Manhattan Distance 曼哈頓距離

from sklearn.metrics.pairwise import manhattan_distances

manhattan_distances([0, 0, 0, 0], [0, 0 , 0, 0])
# array([[ 0.]])

manhattan_distances([1, 1, 1, 0], [1, 0, 0, 0])
# array([[ 2.]])

manhattan_distances([0, 1, 0, 1], [1, 0, 1, 0])
# array([[ 4.]])

ref:
http://scikit-learn.org/stable/modules/generated/sklearn.metrics.pairwise.manhattan_distances.html

Similarity

Cosine similarity 餘弦相似度

from sklearn.metrics.pairwise import cosine_similarity
from sklearn.metrics.pairwise import cosine_distances
from sklearn.metrics.pairwise import pairwise_distances
from scipy.spatial.distance import pdist, squareform

cosine_similarity(matrix) == \
1 - cosine_distances(matrix) == \
1 - pairwise_distances(matrix, metric='cosine') == \
1 - squareform(pdist(matrix, 'cosine'))

cosine_similarity([0, 0, 0, 0], [0, 0, 0, 0])
# array([[ 0.]])

cosine_similarity([1, 0, 0, 0], [1, 0, 0, 0])
# array([[ 1.]])

cosine_similarity([1, 0, 1, 0], [0, 1, 0, 1])
# array([[ 0.]])

cosine_similarity([1, 0, 0, 1], [1, 0, 0, 0])
# array([[ 0.70710678]])

cosine_similarity([1, 0, 0, 1], [1, 0, 1, 0])
# array([[ 0.5]])

ref:
http://scikit-learn.org/stable/modules/generated/sklearn.metrics.pairwise.cosine_similarity.html
http://scikit-learn.org/stable/modules/generated/sklearn.metrics.pairwise.cosine_distances.html
http://scikit-learn.org/stable/modules/generated/sklearn.metrics.pairwise.pairwise_distances.html
https://docs.scipy.org/doc/scipy/reference/generated/scipy.spatial.distance.pdist.html

Jaccard similarity coefficient score

from sklearn.metrics import jaccard_similarity_score

jaccard_similarity_score([0, 0, 0, 0], [0, 0, 0, 0])
# 1.0

jaccard_similarity_score([0, 0, 0, 0], [1, 0, 0, 0])
# 0.75

jaccard_similarity_score([1, 0, 0, 0], [1, 0, 0, 0])
# 1.0

jaccard_similarity_score([1, 0, 1, 0], [0, 1, 0, 1])
# 0.0

ref:
http://scikit-learn.org/stable/modules/generated/sklearn.metrics.jaccard_similarity_score.html

http://datascience.stackexchange.com/questions/5121/applications-and-differences-for-jaccard-similarity-and-cosine-similarity

Log-Likelihood similarity

TODO

Pearson correlation coefficient 皮爾森相關係數

It has a value between +1 and −1 inclusive, where 1 is total positive linear correlation, 0 is no linear correlation, and −1 is total negative linear correlation. You should only calculate Pearson Correlations when the number of items in common between two users is > 1, preferably greater than 5/10. Only calculate the Pearson Correlation for two users where they have commonly rated items.

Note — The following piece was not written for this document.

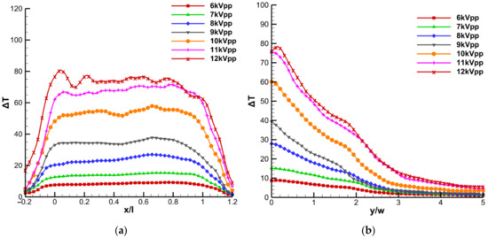 In addition, Figure 9 shows the spatial temperature variation along the top surface of the plasma actuator for different input voltage levels. As we can see, the temperature along the x-axis is higher and almost constant between x/l = 0 and x/l = 1, which corresponds to the region of plasma formation. The temperature increases with increasing applied voltage, and at higher voltages, the temperature profile starts to oscillate more, which means that the plasma discharge becomes more and more filamentary. In the y-direction, the highest temperatures are found near the exposed electrode edge and decrease in the y-direction.

For hign-dimensional binary attributes, the performances of Pearson correlation coefficient and Cosine similarity
are better than Jaccard similarity coefficient score.

from scipy.stats import pearsonr

pearsonr([1, 0, 1, 1], [0, 0, 0, 0])
# (nan, 1.0)

pearsonr([1, 0, 1, 1], [1, 0, 0, 0])
# (0.33333333333333331, 0.66666666666666607)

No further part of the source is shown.